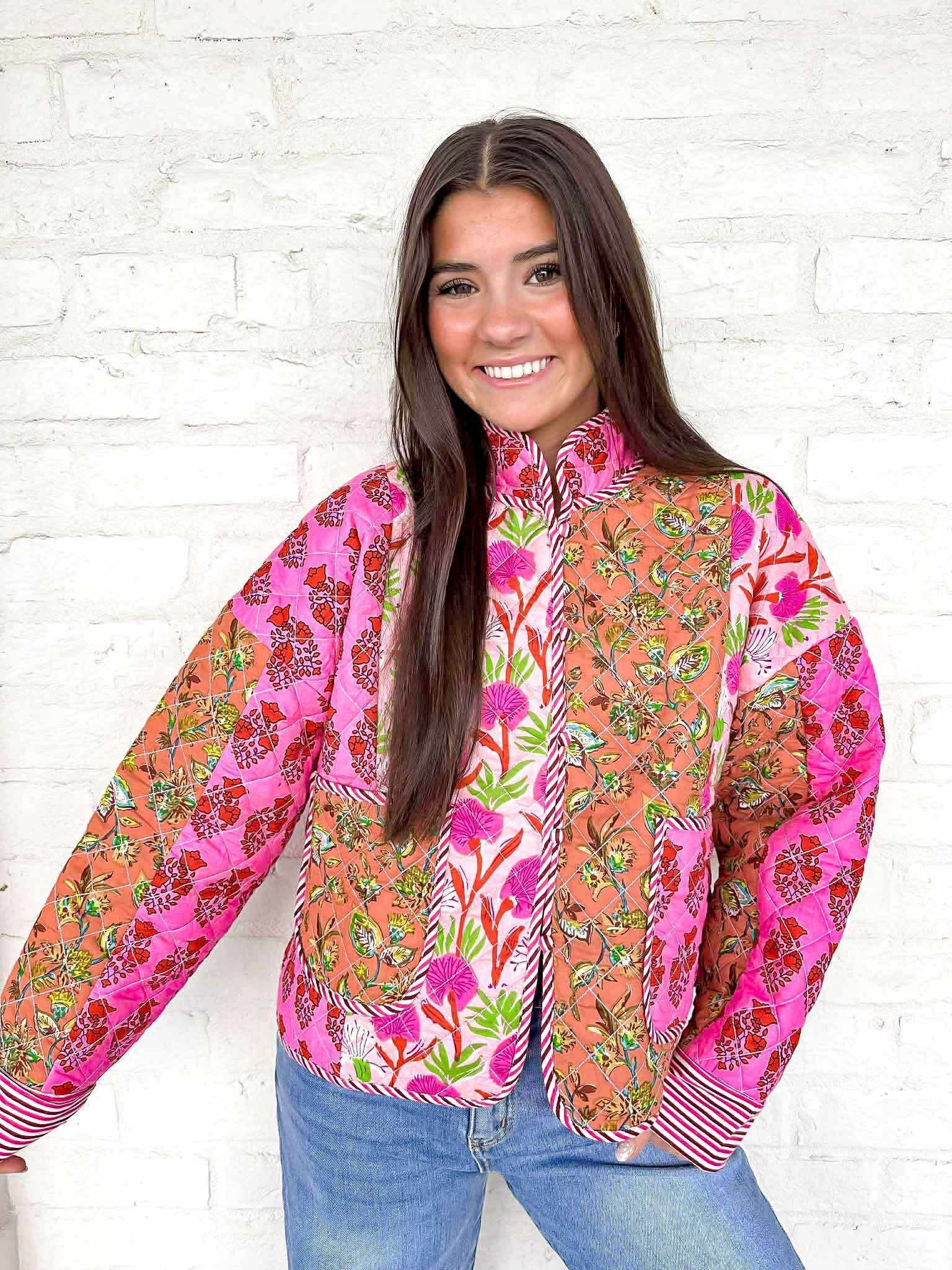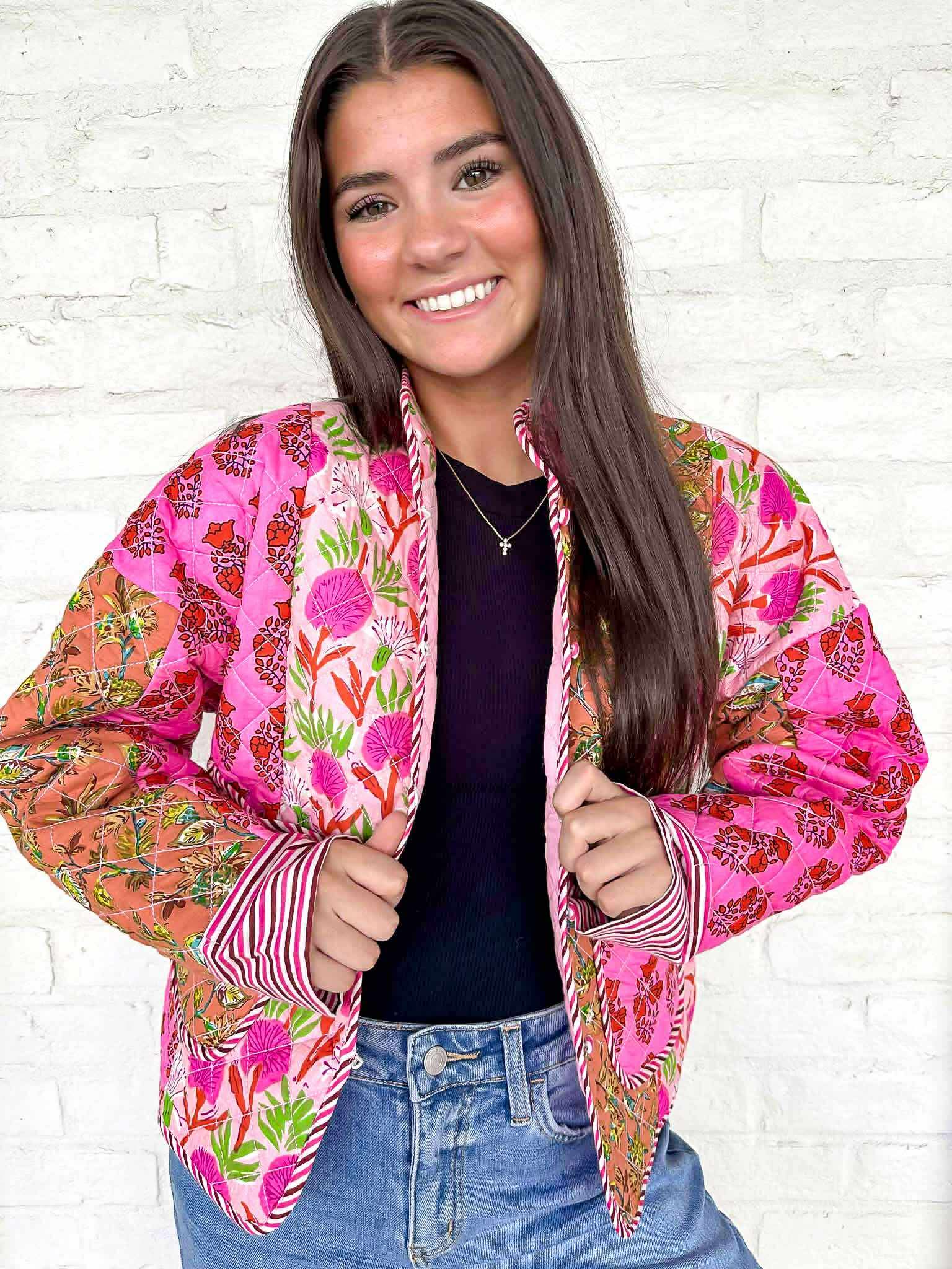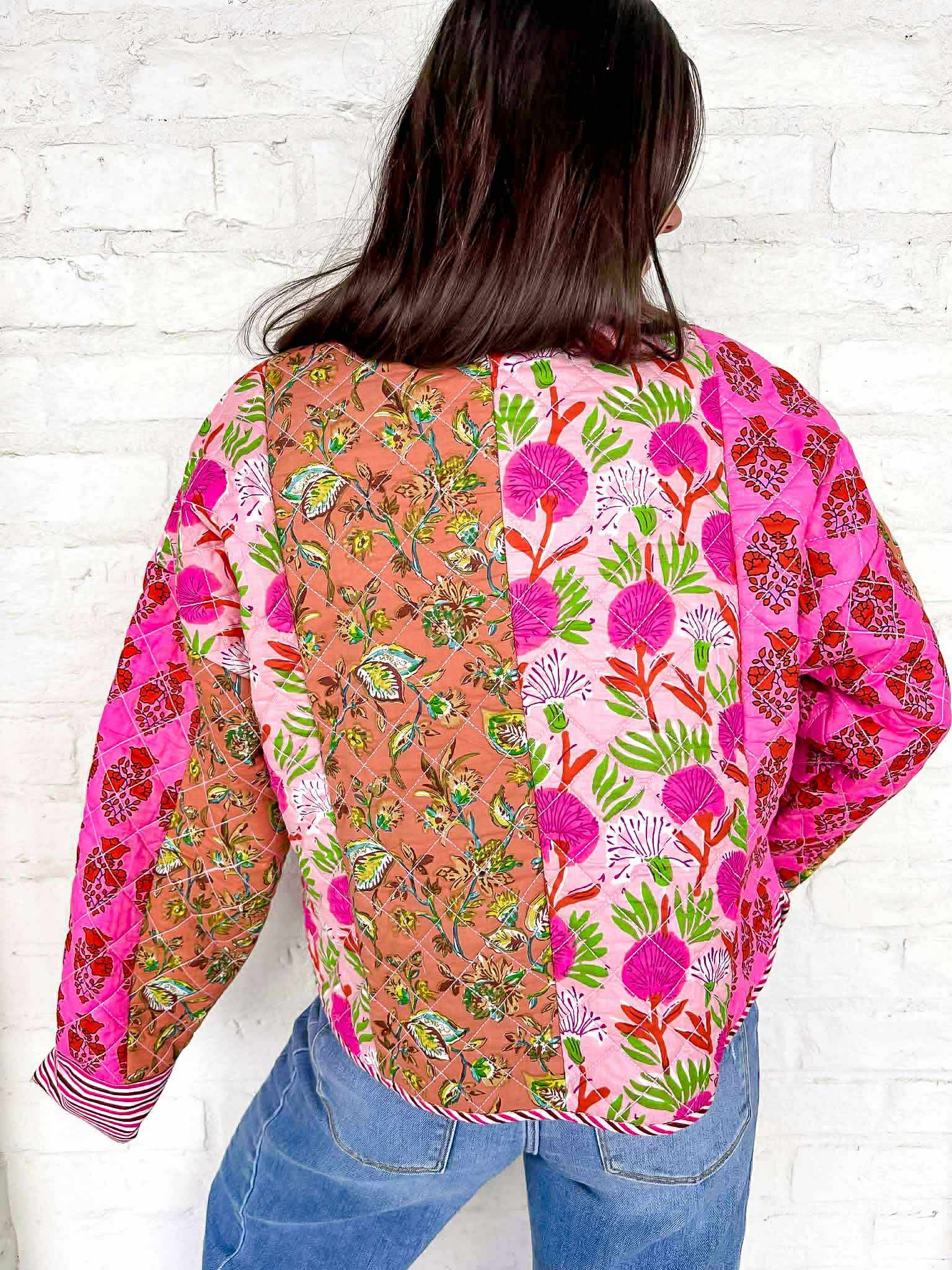 Wrap yourself in love with the THML Garden Of Love Pink Patch Jacket. This patchwork quilted jacket is the perfect way to add a touch of warmth and style to any outfit. Say goodbye to boring jackets and embrace the unique and eye-catching design of this statement piece.
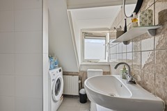 Hier bevinden zich drie ruime slaapkamers en de badkamer. De badkamer is voorzien van een douche, wastafel en ligbad. Ook de aansluiting voor de wasmachine bevindt zich op deze verdieping. Op de overloop is de cv-ketel geplaatst.
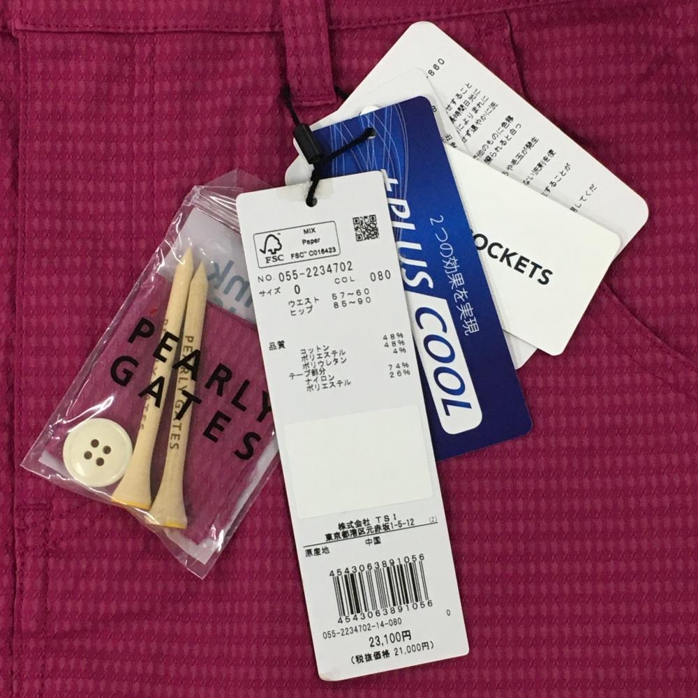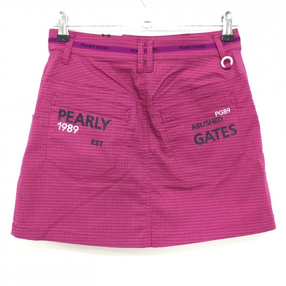 【新品】パーリーゲイツ スカート パープルピンク 総柄織生地 ウエストロゴライン ティー付き レディース 0(S) ゴルフウェア PEARLY GATES

→ WORK TO COMPLETE
Give back the full listing above word for word, and let no picture through.

→ ANSWER BOX
 Wrap yourself in love with the THML Garden Of Love Pink Patch Jacket. This patchwork quilted jacket is the perfect way to add a touch of warmth and style to any outfit. Say goodbye to boring jackets and embrace the unique and eye-catching design of this statement piece.
 Hier bevinden zich drie ruime slaapkamers en de badkamer. De badkamer is voorzien van een douche, wastafel en ligbad. Ook de aansluiting voor de wasmachine bevindt zich op deze verdieping. Op de overloop is de cv-ketel geplaatst.
 【新品】パーリーゲイツ スカート パープルピンク 総柄織生地 ウエストロゴライン ティー付き レディース 0(S) ゴルフウェア PEARLY GATES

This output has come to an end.